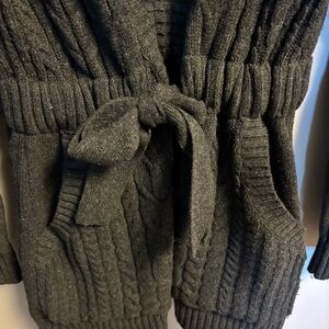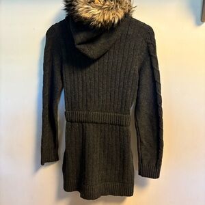 Woolrich Y2k Lambswool Long Cable Cardigan Zip Sweater Gray Hood Faux Fur Belt
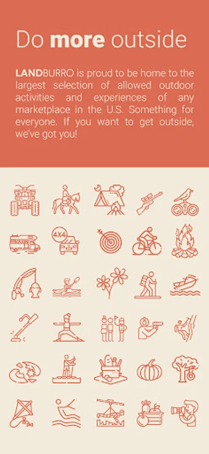 We enable guests to experience an abundance of outdoor activities on private land such as hunting, fishing, hiking, camping, picnicking, biking, kayaking, etc. while creating meaningful revenue opportunities for landowners. LandBurro is proud to be the home to the largest selection of allowed outdoor activities and experiences of any online marketplace in the U.S.
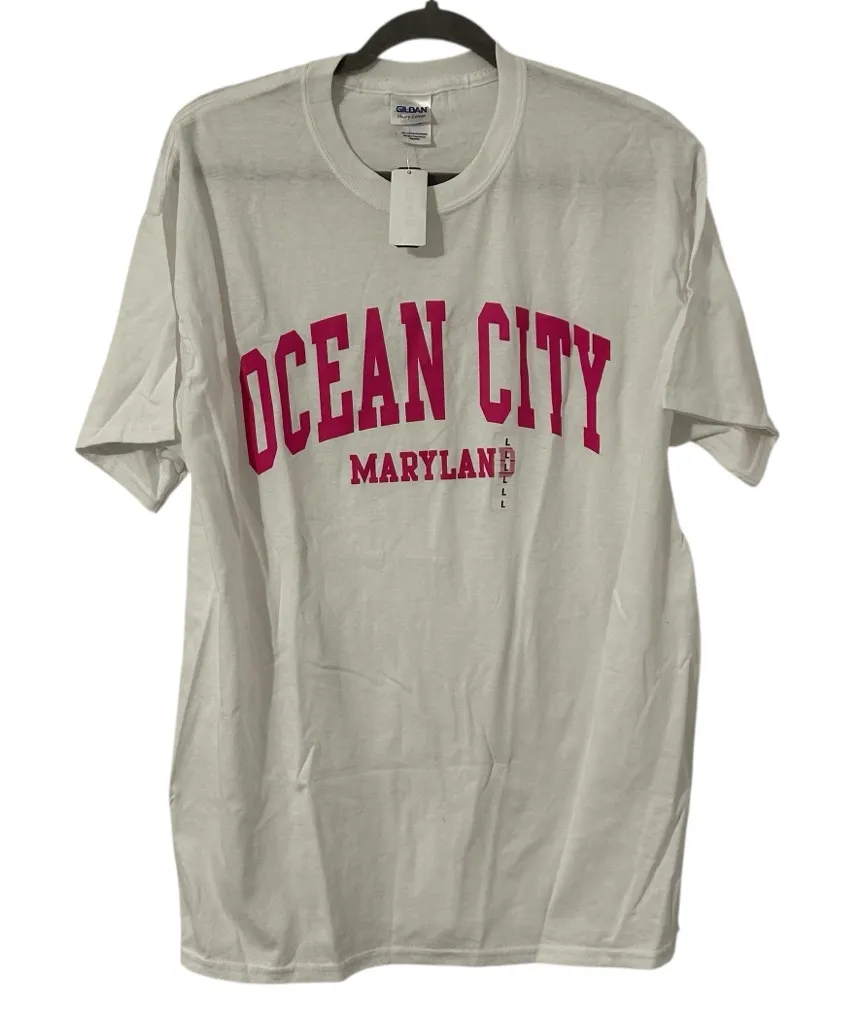 NEW White & Pink Ocean City Maryland Top Shirt Casual Tee Women’s Unisex Large! - $12 New With Tags - From Emily
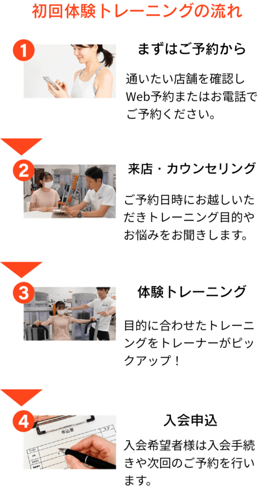 見学には必要ございませんが、マシンを体験する場合には動きやすい格好と室内用運動靴をご持参下さい。
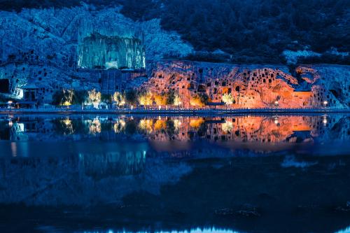 龍門石窟位于河南省洛陽(yáng)市區(qū)南面12公里處,是一個(gè)風(fēng)景秀麗的地方,這里有東、西兩座青山對(duì)峙,伊水緩緩北流。遠(yuǎn)遠(yuǎn)望去,猶如一座天然門闕,所以古稱“伊闕”。自古以來(lái),為游龍門的第一景觀。
:::
**Task:** Word for word, output the lines from the line bearing "見学には必要ございませんが、" through the end of the records above, and only those, without the pictures.

**Response area:**
 見学には必要ございませんが、マシンを体験する場合には動きやすい格好と室内用運動靴をご持参下さい。
 龍門石窟位于河南省洛陽(yáng)市區(qū)南面12公里處,是一個(gè)風(fēng)景秀麗的地方,這里有東、西兩座青山對(duì)峙,伊水緩緩北流。遠(yuǎn)遠(yuǎn)望去,猶如一座天然門闕,所以古稱“伊闕”。自古以來(lái),為游龍門的第一景觀。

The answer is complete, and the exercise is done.